Re:Why not just use pure C++? (Score:2, Insightful)
Re:Why not just use pure C++? (Score:2)
That's pretty much what he's doing, ShedSkin is a Python to C++ compiler, then you need to compile the C++ code ShedSkin yields to machine code, you can do that with gcc.
The goal (for the author) at the moment is to get a fairly complete Python to C++ compiler (ShedSkin is already very good if you're mostly doing simple operations such as crunching numbers, but if your program is really complex or uses libraries then you're out of luck)
Re:Why not just use pure C++? (Score:4, Informative)
Yes, I have have wasted some time staring at the shell waiting and waiting for it to return from some complicated Python routine. I know that compiled C would faster, and hand-rolled assembler would be faster still. But I say to myself: hey, I wrote this code in a single afternoon, how many weeks of hair-pulling would it take to re-engineer this - and make it bug-free - in C? When I put it that way, I don't mind waiting the extra minutes for Python to do my dirty work.
As a previous poster mentioned, the ability to handle tuples of mixed-types is critical. I look forward to seeing great things from Shed Skin in the future.
Parent
Re:Why not just use pure C++? (Score:4, Interesting)
Which is why languages like python were written in the first place. They pretty much just make the underlying C calls anyways, but do so in a way that handles buffer overflows, pointers, etc., that pretty much make C/C++ so troublesome, hazardous, and hard to learn. I like java (alot really), but nothing beats a good scirpting language, like perl or python, to handle tasks like text manipulation. Python is especially good at using libraries, such as the imaging library, which are written in C anyways. How much faster can you get calling a C library from C than from python? I honestly don't know, but I can't imagine it's that much more. But when you add in speed of development, safety, and even portability, it's powerful.
Python's OOP is also a feature that makes it far more attractive than perl for me. Perl does OOP, but it's not as clean as python's, and I don't think it supports all the OOP features either. Doing GUI's is not the strength of any scripting language, but it depends on what you need to do. You can write a native frontend and embed python into a C or even a java application.
Parent
Re:Why not just use pure C++? (Score:3, Informative)

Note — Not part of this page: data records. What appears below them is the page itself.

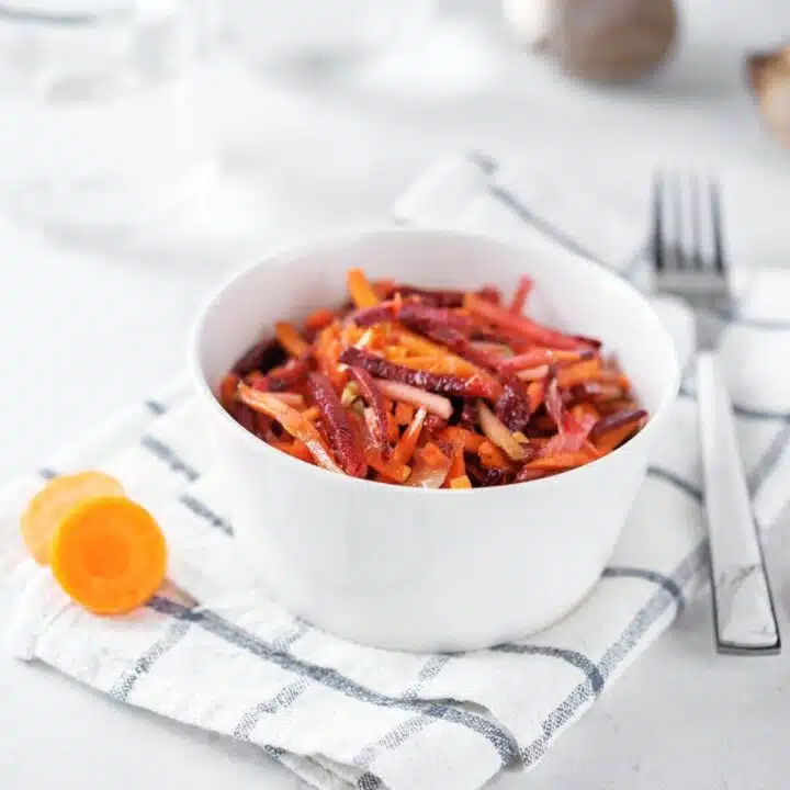 This carrot salad can be made with julienned, grated, or even shredded carrots and beets. Not only does the high fiber content in my easy carrot salad help balance hormones, especially if you suffer from estrogen dominance, but it tastes delicious too.
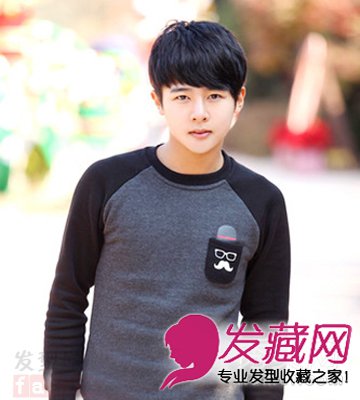 厚重的斜刘海修出立体帅气的五官,自然黑色发色显得厚重饱满质感十足,清晰干净的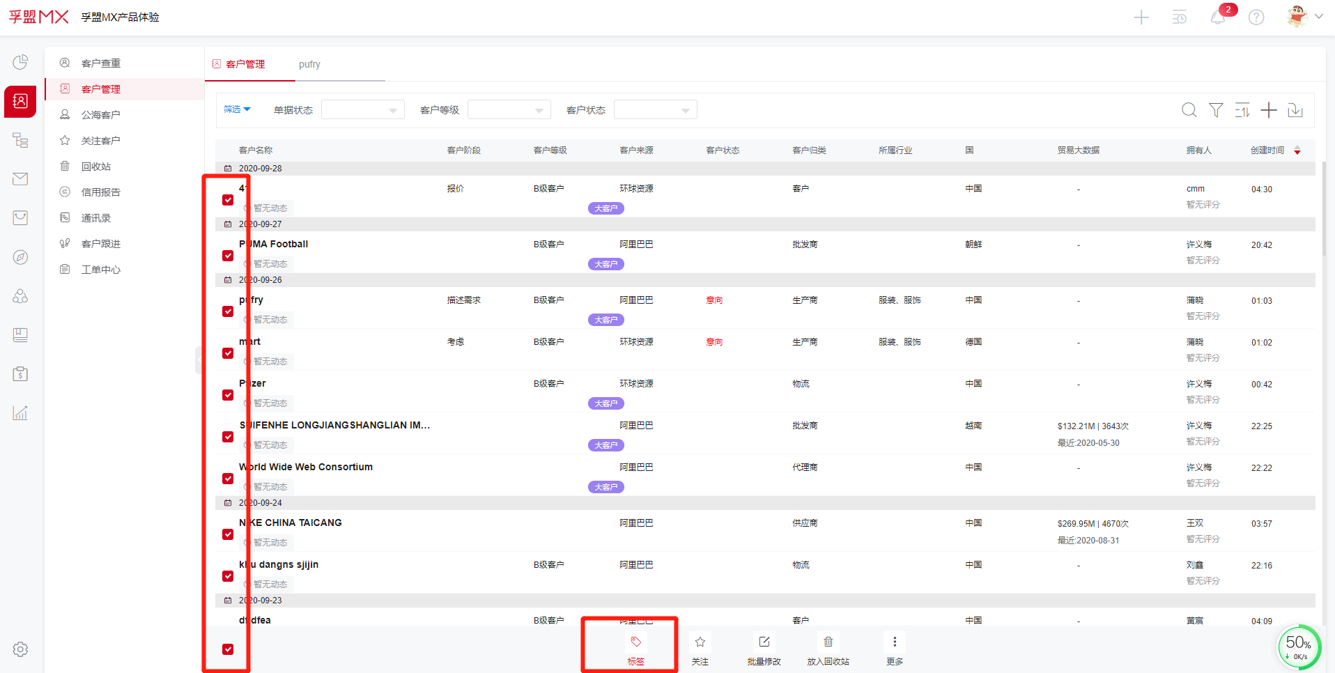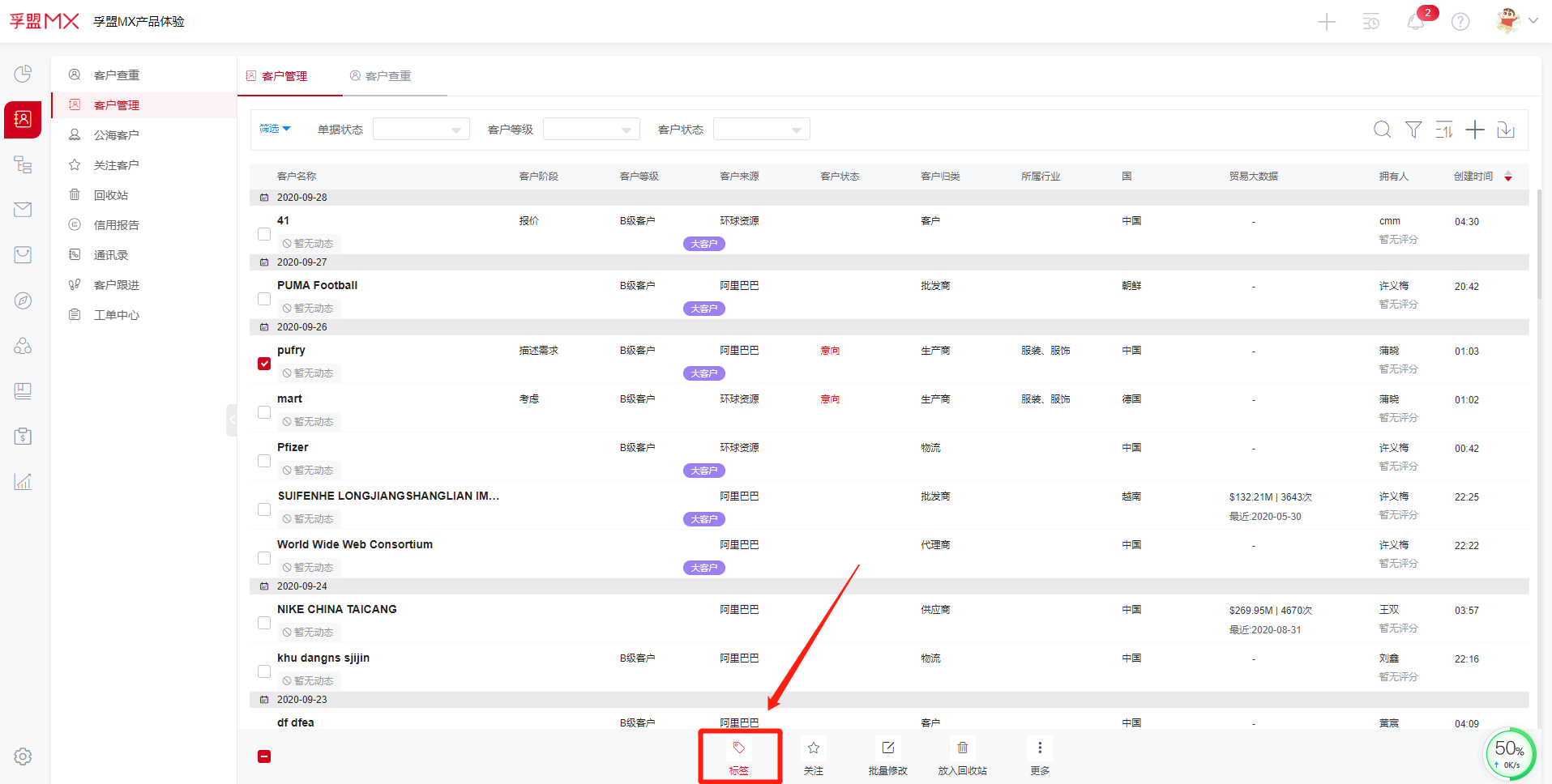 先勾选需要添加标签的客户,点击页面下方的标签进行添加

This is why projects like pyGTK [pygtk.org] exist
Re:Why not just use pure C++? (Score:3, Interesting)
your "expert" C++ guy wasn't an expert. Can you describe the
problem a little better.. if what you say is true, I as
a long term C++ programmer would consider switching, but
I've looked at python, and I simply don't believe you.
I'll grant that C++ is a nightmare for beginners with more pitfalls
than an indiana jones movie, but once you know them, writing
poorly performing code is unlikely.
Stupid comparison (Score:4, Insightful)
Parent
Re:Why not just use pure C++? (Score:3, Insightful)
As have I, but I'd certainly rather manage in languages that support first order data structures, "for each" loops for iterations, proper disjunctive types, pattern matching, and so on. C++ is better than it used to be, but all the data structures and algorithms in the standard library barely hold a candle to the expressive power of many functional programming and "scripting" languages.
Re:Sounds good... (Score:4, Insightful)
Uh, why would they have to? This goes from Python to C++, not vice versa. If there are no pointers or structs in the Python code, why would they have to handle them? Certainly, it's quite possible that some Python variable types will be converted to pointers or structs in the output code, but that's orthagonal to the issue of Python not having them natively.
If you were trying to go from C++ to Python, then you'd have to convert C++ pointers and structs to some sort of Python data type, and your comment would make sense. As it is, I'm not sure what you were trying to say.
Parent
Re:Sounds good... (Score:3, Insightful)
Why would one ever need to do that? The goal is not to write C++ in Python, it's to compile Python to machine code via an intermediate Python -> C++ compilation.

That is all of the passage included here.